I know MaxValue is supposed to work with real numbers only, but there is some situations where a real valued function has complex terms anyway. Even with these complex terms, the function is still real valued. For example, consider the function $f:\mathbb{C}\to\mathbb{R}$ such that $f(z)=|z|$. It's not hard to come up with a lot more examples.

I wonder whether exist a way to maximize functions like this using Mathematica. In this example in particular, I have the following code

s = Abs[a + I*b]^2;
MaxValue[{s, a^2 + b^2 <= 1}, {a, b}, Reals]
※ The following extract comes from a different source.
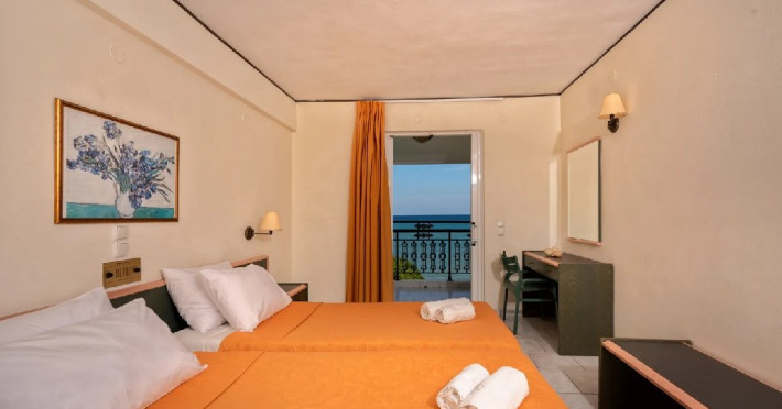 Apartamentul compus din living si dormitor, capacitate de cazare pana la 5 persoane, cu paturi twin si pat matrimonial, cu vedere la mare sau la piscina, baie cu dus sau cada, articole de toaleta, uscator de par, bucatarie utilata, tv, aer conditionat, balcon/terasa.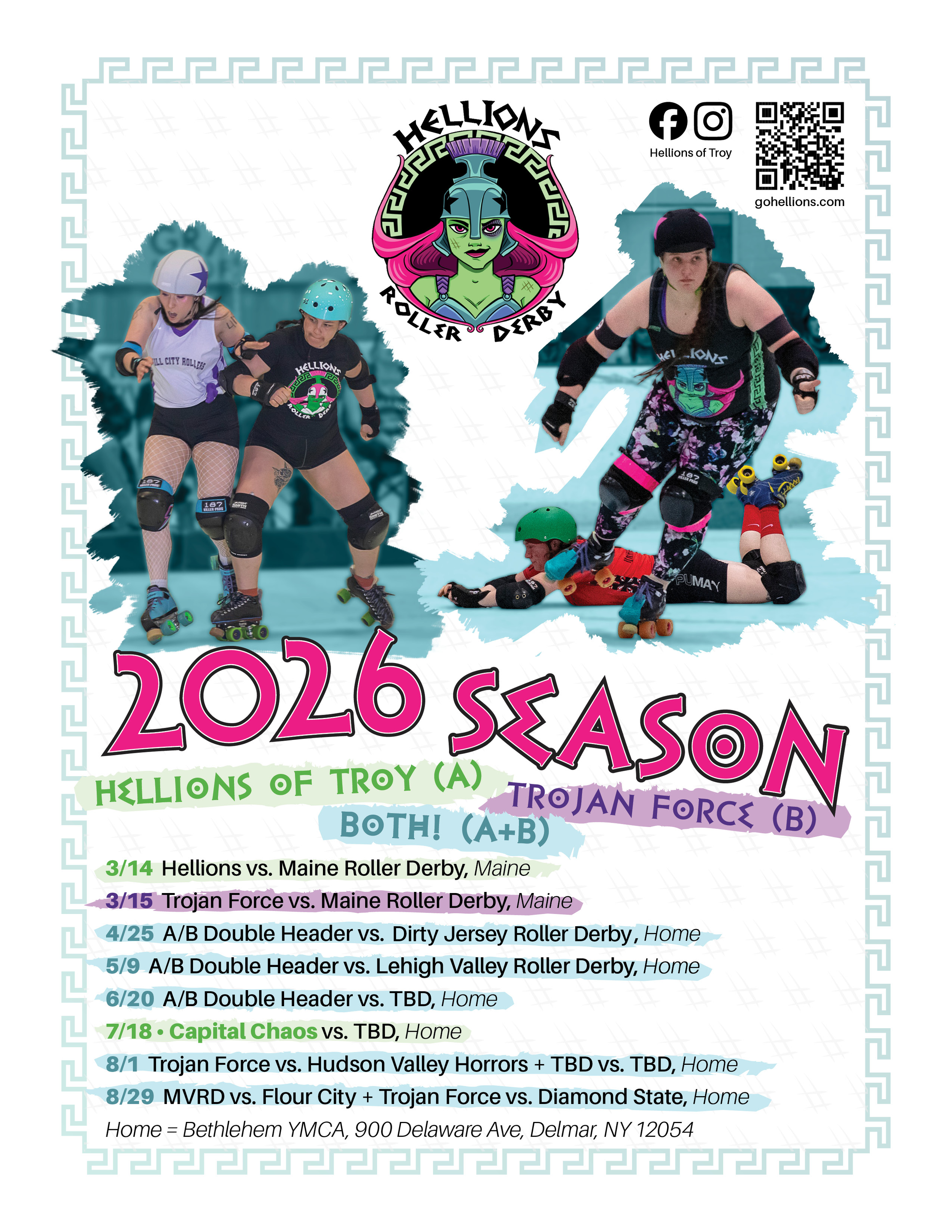 The Hellions Of Troy Roller Derby League was founded in Troy, NY but currently practice out of Rollarama Skating Center, 2710 Hamburg Street, Schenectady, NY 12303. Home bouts are hosted at the Bethlehem YMCA, 900 Delaware Ave, Delmar, NY 12054

which Mathematica replies with MaxValue::objc: The objective function Abs[a+I b]^2 contains a nonreal constant I. >>.

When $a,b\in\mathbb{R}$ is clear that $|a+ib|^2$ is also real. In fact, the absolute value of any complex value is real, so why Mathematica is complaining about the imaginary number $i$ ? I know Mathematica is able to come up some simplification for this expression! Even without simlpification, Mathematica should know that the absolute value only outputs real values.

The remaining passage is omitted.